# Exercise directions
In the entries that follow, the line with "充氣浪涌放電器的一個缺點是其" opens the range and the line with "- ATTRACT BIRDS" closes it; repeat that range exactly, both lines included.

....................

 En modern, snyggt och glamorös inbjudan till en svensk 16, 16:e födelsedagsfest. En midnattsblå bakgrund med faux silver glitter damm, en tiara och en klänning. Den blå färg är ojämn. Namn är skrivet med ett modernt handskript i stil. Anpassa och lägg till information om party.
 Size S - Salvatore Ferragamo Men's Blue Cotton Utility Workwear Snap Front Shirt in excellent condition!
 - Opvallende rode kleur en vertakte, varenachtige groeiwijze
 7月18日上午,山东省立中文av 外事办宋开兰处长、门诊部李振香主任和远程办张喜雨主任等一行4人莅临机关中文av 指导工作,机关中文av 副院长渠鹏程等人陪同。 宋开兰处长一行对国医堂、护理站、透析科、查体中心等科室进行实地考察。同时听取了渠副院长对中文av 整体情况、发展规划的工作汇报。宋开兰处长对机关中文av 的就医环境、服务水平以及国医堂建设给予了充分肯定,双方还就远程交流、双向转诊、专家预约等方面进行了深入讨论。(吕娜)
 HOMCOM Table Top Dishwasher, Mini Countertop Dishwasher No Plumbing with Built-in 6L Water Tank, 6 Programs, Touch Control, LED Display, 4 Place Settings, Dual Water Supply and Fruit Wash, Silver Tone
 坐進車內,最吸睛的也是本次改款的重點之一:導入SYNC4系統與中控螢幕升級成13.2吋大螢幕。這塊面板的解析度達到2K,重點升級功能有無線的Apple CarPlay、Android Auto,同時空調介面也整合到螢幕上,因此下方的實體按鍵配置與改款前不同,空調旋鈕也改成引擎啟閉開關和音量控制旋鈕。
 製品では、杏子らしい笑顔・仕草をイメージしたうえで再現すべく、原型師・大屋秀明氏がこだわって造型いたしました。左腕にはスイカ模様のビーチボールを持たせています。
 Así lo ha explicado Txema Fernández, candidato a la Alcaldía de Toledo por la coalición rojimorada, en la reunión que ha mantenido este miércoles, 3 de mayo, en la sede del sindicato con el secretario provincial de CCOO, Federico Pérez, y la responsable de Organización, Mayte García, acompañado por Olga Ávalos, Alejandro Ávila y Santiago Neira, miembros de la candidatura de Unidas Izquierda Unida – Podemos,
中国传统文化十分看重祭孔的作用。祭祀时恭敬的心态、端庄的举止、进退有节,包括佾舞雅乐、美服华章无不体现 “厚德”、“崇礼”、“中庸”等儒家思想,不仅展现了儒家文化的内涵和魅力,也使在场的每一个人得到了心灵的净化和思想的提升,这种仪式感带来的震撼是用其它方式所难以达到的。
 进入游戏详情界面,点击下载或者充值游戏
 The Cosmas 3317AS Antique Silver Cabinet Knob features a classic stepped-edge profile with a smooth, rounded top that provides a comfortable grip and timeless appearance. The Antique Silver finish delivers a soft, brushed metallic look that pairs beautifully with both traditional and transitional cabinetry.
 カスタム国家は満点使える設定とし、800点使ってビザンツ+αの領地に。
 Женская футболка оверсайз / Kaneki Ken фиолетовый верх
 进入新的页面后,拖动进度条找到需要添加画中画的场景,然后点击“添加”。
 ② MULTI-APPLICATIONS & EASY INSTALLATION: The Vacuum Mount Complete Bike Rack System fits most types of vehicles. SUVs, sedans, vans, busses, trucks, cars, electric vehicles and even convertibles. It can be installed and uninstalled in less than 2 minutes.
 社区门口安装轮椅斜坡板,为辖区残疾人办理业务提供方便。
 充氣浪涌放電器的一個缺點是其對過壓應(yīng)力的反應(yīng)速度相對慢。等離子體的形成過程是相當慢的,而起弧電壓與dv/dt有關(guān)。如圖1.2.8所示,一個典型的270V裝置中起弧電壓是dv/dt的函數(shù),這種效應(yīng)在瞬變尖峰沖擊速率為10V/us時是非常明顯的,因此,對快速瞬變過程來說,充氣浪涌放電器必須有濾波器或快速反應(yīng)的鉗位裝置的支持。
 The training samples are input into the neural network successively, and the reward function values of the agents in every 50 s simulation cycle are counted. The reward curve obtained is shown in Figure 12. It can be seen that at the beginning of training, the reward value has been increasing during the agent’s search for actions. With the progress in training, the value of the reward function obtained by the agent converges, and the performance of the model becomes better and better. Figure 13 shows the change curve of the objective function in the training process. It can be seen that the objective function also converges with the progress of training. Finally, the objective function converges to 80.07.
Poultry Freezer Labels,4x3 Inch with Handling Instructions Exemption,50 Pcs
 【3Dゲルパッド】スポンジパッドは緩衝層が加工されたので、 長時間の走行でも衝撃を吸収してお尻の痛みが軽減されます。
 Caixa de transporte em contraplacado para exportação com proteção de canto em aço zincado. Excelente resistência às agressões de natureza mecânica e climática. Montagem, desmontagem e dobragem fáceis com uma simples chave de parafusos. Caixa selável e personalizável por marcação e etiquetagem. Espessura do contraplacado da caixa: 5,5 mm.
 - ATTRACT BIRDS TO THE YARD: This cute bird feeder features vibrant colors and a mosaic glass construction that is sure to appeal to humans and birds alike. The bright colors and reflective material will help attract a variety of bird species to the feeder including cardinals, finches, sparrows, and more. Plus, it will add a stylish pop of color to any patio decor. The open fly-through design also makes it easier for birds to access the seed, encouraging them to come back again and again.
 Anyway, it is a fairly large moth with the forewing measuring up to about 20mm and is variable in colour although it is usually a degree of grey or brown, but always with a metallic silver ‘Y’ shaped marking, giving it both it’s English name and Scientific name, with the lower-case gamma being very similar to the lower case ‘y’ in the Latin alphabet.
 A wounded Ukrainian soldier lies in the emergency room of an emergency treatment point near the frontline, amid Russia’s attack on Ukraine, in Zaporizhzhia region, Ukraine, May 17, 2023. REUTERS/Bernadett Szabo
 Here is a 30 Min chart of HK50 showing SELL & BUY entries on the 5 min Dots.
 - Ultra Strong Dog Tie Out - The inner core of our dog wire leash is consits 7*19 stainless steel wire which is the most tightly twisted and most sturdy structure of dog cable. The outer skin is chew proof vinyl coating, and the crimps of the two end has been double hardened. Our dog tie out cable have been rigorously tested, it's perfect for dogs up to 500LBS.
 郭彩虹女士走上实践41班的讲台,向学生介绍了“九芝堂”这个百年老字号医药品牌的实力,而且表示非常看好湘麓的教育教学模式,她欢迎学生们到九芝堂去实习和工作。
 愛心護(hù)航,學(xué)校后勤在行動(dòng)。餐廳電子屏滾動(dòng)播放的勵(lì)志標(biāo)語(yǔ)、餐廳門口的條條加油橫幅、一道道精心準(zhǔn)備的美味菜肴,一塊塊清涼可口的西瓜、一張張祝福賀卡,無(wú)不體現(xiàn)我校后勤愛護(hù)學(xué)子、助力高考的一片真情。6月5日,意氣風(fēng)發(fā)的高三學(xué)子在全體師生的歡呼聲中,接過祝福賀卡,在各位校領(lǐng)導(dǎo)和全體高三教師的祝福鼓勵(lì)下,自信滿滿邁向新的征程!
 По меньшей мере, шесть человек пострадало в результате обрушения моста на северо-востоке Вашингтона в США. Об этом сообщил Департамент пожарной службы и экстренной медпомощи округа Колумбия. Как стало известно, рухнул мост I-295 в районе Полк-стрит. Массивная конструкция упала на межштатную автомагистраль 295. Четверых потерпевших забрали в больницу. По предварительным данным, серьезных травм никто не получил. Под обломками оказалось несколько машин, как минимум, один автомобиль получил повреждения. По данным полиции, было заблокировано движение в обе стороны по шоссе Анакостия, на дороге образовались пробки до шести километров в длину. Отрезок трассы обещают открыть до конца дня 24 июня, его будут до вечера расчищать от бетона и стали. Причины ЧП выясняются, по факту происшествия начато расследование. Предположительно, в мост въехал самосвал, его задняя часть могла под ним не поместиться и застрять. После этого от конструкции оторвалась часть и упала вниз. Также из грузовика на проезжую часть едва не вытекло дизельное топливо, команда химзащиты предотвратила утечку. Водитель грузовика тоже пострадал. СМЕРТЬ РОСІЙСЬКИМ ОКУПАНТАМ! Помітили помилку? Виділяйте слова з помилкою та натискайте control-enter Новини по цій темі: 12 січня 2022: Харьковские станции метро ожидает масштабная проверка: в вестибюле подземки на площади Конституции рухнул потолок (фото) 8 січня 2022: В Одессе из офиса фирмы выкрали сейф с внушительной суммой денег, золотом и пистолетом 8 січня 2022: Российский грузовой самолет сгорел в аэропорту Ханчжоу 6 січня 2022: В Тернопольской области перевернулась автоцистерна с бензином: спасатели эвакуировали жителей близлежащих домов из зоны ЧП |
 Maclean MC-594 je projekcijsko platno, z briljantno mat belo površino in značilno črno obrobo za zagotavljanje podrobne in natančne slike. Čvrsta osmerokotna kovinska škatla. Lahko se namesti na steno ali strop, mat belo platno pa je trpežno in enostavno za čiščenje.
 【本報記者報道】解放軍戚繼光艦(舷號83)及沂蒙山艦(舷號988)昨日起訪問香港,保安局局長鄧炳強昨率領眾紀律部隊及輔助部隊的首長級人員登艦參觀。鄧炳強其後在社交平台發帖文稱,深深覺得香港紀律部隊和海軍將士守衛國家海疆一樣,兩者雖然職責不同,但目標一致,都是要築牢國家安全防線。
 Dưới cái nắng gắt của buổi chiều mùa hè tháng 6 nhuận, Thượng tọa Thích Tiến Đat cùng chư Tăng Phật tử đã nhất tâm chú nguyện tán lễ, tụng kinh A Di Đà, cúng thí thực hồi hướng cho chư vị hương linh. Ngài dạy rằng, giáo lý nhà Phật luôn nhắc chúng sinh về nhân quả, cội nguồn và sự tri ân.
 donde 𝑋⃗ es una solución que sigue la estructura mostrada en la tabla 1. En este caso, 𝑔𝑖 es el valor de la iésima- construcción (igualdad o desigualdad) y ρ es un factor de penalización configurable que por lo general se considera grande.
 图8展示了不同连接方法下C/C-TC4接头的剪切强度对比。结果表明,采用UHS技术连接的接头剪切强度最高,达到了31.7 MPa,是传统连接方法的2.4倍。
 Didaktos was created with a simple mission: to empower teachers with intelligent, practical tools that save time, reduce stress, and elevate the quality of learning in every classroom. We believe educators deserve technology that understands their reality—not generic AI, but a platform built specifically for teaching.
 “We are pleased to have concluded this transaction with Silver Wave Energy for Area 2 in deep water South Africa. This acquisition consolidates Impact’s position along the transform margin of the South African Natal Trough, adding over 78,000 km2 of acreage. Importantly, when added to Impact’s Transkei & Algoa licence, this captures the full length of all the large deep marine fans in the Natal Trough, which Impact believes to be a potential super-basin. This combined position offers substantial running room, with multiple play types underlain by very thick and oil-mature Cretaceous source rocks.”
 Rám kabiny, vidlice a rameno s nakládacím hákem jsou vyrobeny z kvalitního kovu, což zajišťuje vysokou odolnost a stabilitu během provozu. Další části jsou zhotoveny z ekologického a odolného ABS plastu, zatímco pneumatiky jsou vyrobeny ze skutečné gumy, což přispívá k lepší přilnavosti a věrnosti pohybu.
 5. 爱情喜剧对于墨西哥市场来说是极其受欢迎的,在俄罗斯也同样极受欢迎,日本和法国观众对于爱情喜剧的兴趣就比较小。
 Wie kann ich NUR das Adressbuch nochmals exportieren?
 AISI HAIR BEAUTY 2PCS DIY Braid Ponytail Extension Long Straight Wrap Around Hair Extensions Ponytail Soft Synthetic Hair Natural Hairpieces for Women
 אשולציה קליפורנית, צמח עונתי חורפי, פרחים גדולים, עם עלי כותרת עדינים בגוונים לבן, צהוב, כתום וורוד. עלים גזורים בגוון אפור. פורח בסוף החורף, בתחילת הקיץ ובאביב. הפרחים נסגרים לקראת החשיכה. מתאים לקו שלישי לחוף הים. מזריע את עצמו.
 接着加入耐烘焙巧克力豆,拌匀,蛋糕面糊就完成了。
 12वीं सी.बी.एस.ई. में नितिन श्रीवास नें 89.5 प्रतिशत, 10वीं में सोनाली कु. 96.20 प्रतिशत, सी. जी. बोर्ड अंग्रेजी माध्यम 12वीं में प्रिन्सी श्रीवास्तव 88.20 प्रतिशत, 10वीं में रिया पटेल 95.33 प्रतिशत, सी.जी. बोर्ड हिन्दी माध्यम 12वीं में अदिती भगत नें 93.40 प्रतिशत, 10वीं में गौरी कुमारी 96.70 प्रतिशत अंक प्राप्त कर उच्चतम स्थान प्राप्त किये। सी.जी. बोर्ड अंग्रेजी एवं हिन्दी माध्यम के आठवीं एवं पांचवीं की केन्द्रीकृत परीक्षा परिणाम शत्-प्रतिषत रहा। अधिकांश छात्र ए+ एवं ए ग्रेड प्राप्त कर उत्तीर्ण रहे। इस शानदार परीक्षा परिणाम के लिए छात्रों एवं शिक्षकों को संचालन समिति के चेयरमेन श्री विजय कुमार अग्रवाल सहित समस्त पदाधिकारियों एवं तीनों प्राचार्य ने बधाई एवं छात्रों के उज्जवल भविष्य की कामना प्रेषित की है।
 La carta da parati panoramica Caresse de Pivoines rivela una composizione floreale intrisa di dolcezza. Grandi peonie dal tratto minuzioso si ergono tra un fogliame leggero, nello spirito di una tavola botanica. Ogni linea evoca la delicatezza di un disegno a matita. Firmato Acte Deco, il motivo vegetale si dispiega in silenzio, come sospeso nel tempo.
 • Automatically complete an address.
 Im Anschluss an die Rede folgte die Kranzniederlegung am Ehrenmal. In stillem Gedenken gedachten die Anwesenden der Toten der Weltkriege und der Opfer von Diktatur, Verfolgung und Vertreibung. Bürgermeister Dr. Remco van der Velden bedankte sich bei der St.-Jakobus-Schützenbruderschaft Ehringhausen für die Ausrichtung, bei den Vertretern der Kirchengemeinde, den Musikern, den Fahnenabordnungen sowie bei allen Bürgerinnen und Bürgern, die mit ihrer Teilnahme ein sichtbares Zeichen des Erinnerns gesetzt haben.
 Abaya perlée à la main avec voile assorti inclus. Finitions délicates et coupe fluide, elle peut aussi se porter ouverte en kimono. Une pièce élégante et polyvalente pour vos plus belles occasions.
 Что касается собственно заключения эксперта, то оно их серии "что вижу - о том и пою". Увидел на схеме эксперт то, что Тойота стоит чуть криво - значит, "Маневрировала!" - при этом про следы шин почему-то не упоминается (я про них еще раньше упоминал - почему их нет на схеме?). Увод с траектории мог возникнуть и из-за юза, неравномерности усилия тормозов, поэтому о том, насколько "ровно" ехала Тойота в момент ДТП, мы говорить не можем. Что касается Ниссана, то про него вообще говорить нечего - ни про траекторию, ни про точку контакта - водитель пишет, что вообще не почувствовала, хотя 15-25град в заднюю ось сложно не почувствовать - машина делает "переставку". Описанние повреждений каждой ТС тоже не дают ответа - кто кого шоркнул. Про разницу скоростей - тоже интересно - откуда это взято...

....................

# Your solution
 充氣浪涌放電器的一個缺點是其對過壓應(yīng)力的反應(yīng)速度相對慢。等離子體的形成過程是相當慢的,而起弧電壓與dv/dt有關(guān)。如圖1.2.8所示,一個典型的270V裝置中起弧電壓是dv/dt的函數(shù),這種效應(yīng)在瞬變尖峰沖擊速率為10V/us時是非常明顯的,因此,對快速瞬變過程來說,充氣浪涌放電器必須有濾波器或快速反應(yīng)的鉗位裝置的支持。
 The training samples are input into the neural network successively, and the reward function values of the agents in every 50 s simulation cycle are counted. The reward curve obtained is shown in Figure 12. It can be seen that at the beginning of training, the reward value has been increasing during the agent’s search for actions. With the progress in training, the value of the reward function obtained by the agent converges, and the performance of the model becomes better and better. Figure 13 shows the change curve of the objective function in the training process. It can be seen that the objective function also converges with the progress of training. Finally, the objective function converges to 80.07.
Poultry Freezer Labels,4x3 Inch with Handling Instructions Exemption,50 Pcs
 【3Dゲルパッド】スポンジパッドは緩衝層が加工されたので、 長時間の走行でも衝撃を吸収してお尻の痛みが軽減されます。
 Caixa de transporte em contraplacado para exportação com proteção de canto em aço zincado. Excelente resistência às agressões de natureza mecânica e climática. Montagem, desmontagem e dobragem fáceis com uma simples chave de parafusos. Caixa selável e personalizável por marcação e etiquetagem. Espessura do contraplacado da caixa: 5,5 mm.
 - ATTRACT BIRDS TO THE YARD: This cute bird feeder features vibrant colors and a mosaic glass construction that is sure to appeal to humans and birds alike. The bright colors and reflective material will help attract a variety of bird species to the feeder including cardinals, finches, sparrows, and more. Plus, it will add a stylish pop of color to any patio decor. The open fly-through design also makes it easier for birds to access the seed, encouraging them to come back again and again.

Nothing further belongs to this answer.